President Barack Obama has been angling for “fast-track” authority that would enable him to push the proposed Trans-Pacific Partnership, or TPP-a massive free-trade agreement between the United States and a host of Pacific Rim countries-through Congress with limited debate and no opportunity for amendments.

From the outset, the politicians who support the agreement have overplayed its benefits and underplayed its costs. They seldom note, for example, that the pact would allow corporations to sue governments whose regulations threaten their profits in cases brought before secretive and unaccountable foreign tribunals.

So let’s look closely at the real impact trade agreements have on people and the environment.

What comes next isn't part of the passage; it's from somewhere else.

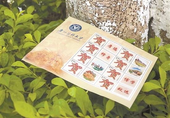 通知书礼盒采用广医经典蓝作为底色,正面是校园标志性建筑的彩绘,并搭配“厚德修身 博学致远”的广医校训。打开广医蓝盒,耀眼的录取通知书出现在眼前,录取通知书三层立体剪裁设计的大门欢迎来自五湖四海的新广医人,汇聚于此。翻开内页,一张张融入校园建筑元素的邮票,尽显迷人的校园风光,为新生送去最诚挚的祝福。

A prime example is the Dominican Republic-Central America Free Trade Agreement, or DR-CAFTA. Brokered by the George W. Bush administration and a handful of hemispheric allies, the pact has had a devastating effect on poverty, dislocation, and environmental contamination in the region.

And perhaps even worse, it’s diminished the ability of Central American countries to protect their citizens from corporate abuse.

A Premonition

In 2004 and 2005, hundreds of thousands of protesters filled Central America’s streets.

They warned of the unemployment, poverty, hunger, pollution, diminished national sovereignty, and other problems that could result if DR-CAFTA were approved. But despite popular pressure, the agreement was ratified in seven countries-including Guatemala, Nicaragua, El Salvador, Honduras, Costa Rica, the Dominican Republic, and the United States.

Ten years after the approval of DR-CAFTA, we are seeing many of the effects they cautioned about.